*ASSIGNED TASK*.
Please give back only the lines below from the one containing "sa page Facebook." to the one containing "herfstkleur geel |", each repeated word for word, both ends included.
━━━━━━━━━━━━━━━━
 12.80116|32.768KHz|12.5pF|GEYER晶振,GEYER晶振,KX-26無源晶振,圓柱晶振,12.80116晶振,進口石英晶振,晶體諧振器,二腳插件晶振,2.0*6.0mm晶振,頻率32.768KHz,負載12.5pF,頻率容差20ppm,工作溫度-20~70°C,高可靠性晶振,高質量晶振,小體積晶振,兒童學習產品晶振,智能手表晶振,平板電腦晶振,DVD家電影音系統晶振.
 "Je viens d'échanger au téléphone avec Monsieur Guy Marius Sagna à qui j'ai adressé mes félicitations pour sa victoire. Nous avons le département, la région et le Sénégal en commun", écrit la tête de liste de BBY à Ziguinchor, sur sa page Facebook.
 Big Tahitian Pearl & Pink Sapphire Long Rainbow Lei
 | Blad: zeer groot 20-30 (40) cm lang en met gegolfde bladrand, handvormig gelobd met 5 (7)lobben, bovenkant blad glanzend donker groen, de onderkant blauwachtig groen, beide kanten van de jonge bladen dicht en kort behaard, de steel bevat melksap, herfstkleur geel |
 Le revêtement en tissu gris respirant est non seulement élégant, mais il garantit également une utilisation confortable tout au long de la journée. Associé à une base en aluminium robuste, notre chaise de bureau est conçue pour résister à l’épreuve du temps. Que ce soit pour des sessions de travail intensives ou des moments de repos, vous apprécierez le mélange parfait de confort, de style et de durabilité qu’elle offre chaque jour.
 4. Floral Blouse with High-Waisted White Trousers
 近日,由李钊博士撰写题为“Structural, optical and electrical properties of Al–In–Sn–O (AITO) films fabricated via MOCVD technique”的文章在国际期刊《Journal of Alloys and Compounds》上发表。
━━━━━━━━━━━━━━━━
*TASK ANSWER*.
 "Je viens d'échanger au téléphone avec Monsieur Guy Marius Sagna à qui j'ai adressé mes félicitations pour sa victoire. Nous avons le département, la région et le Sénégal en commun", écrit la tête de liste de BBY à Ziguinchor, sur sa page Facebook.
 Big Tahitian Pearl & Pink Sapphire Long Rainbow Lei
 | Blad: zeer groot 20-30 (40) cm lang en met gegolfde bladrand, handvormig gelobd met 5 (7)lobben, bovenkant blad glanzend donker groen, de onderkant blauwachtig groen, beide kanten van de jonge bladen dicht en kort behaard, de steel bevat melksap, herfstkleur geel |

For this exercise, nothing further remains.